- Born: 1915 Sydney, Australia
- Died: 1990 (aged 74–75) Rydal, Pennsylvania, US
- Occupations: Anglican priest; biblical scholar;

Ecclesiastical career
- Religion: Christianity (Anglican)
- Ordained: 1941 (priest)
- Congregations served: St. John's Episcopal Church, Huntingdon Valley

Academic background
- Alma mater: University of Cape Town; University of London; Australian College of Theology;

Academic work
- Discipline: Biblical studies
- Sub-discipline: New Testament studies

= Philip Edgcumbe Hughes =

Anglican clergyman (1915–1990)

Philip Edgcumbe Hughes (1915–1990) was an Anglican clergyman and New Testament scholar whose life spanned four continents: Australia, where he was born; South Africa, where he spent his formative years; England, where he was ordained; and the United States, where he died in 1990, aged 75.

==Career==
Hughes was born in Sydney in 1915, one of two twin boys born to the literary critic Randolph William Hughes and Muriel Hughes (née Stanley Hall). He received his BA, MA, and DLH degrees from the University of Cape Town, his BD degree from the University of London, and his Th.D. degree from the Australian College of Theology.

Hughes grew up in South Africa, and took his first degree there just before the Second World War. While there he was a member of the Church of England in South Africa, he briefly served as one of its ministers, and he was a commissary to the CESA Presiding Bishop.

In 1940 Hughes moved to England to attend Tyndale Hall, Bristol, and was ordained priest in 1941. After some years of pastoral work, he returned to the institution from 1947 to 1953 as tutor and Vice-principal. Along with Geoffrey Bromiley and J. Stafford Wright, he established an enviable reputation for Tyndale Hall as a conservative evangelical college with a serious interest in theology and a loyalty to historic Anglicanism.

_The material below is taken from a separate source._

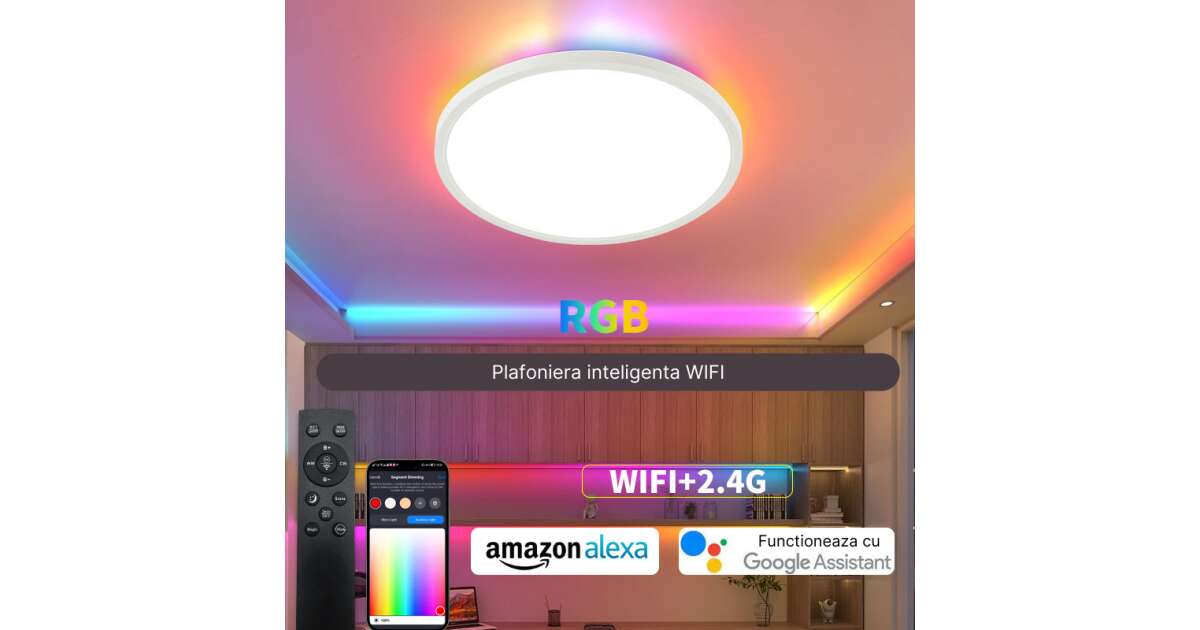 MaGeCa Smart LED Ceiling Light, RGB, 32W, Adjustable Color Temperature and Intensity, Warm/Neutral/Cool Light (3000-6500K), Remote Control, Google Assistant/Amazon Alexa Compatible description of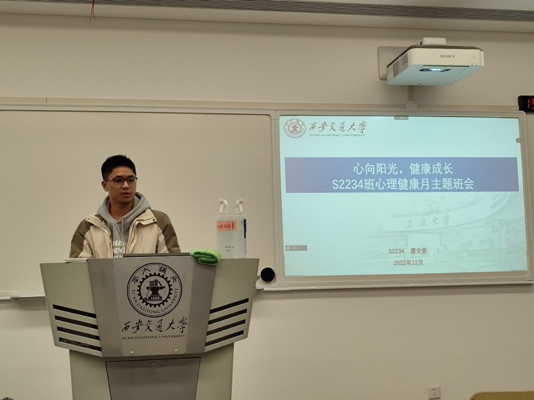 为进一步促进同学们关注心理健康,缓解心理压力,引导同学们发现生活中的美好,使之保持良好的情绪和乐观的心理状态,硕2234班于2022年12月2日在泓理楼4-5204教室开展了以“心向阳光,健康成长”为主题的心理班会,心理委员唐全能主持本次会议。

From 1953 to 1956 he was Secretary of Church Society; and from 1959 to 1967 editor of Church Society’s journal, The Churchman.

From 1964 he moved to the United States to teach at American seminaries, including Columbia Theological Seminary, Decatur, Georgia (1964-1968), Westminster Theological Seminary, Philadelphia, PA, Gordon-Conwell Theological Seminary, South Hamilton, MA, and Trinity School for Ministry, Ambridge, PA.

While living and teaching in Pennsylvania, he was Associate Rector at St. John's Episcopal Church, Huntingdon Valley.

In theology Hughes was a firm Calvinist, but had the breadth of sympathies of a true scholar. As a staunch Anglican, he threw himself into the life of The Episcopal Church (United States) and sought to strengthen the cause of orthodoxy there in difficult times. His writings are solid in substance and graceful in prose style. His Greek was excellent, and three of his chief books are commentaries on the Second Epistle to the Corinthians, the Epistle to the Hebrews, and the Book of Revelation. In doctrine, his great work is The True Image: The Origin and Destiny of Man in Christ, on the Christian doctrine of man. He wrote studies on the precursors of the Reformers: Lefèvre: Pioneer of Ecclesiastical Renewal in France and an unpublished thesis on Pico della Mirandola. He also translated Pierre-Charles Marcel's Biblical Doctrine of Infant Baptism, which had great influence. For some years he ably edited The Churchman.

==Personal life==
Hughes and his wife Margaret had one daughter, Marion. In his leisure time he enjoyed playing the piano.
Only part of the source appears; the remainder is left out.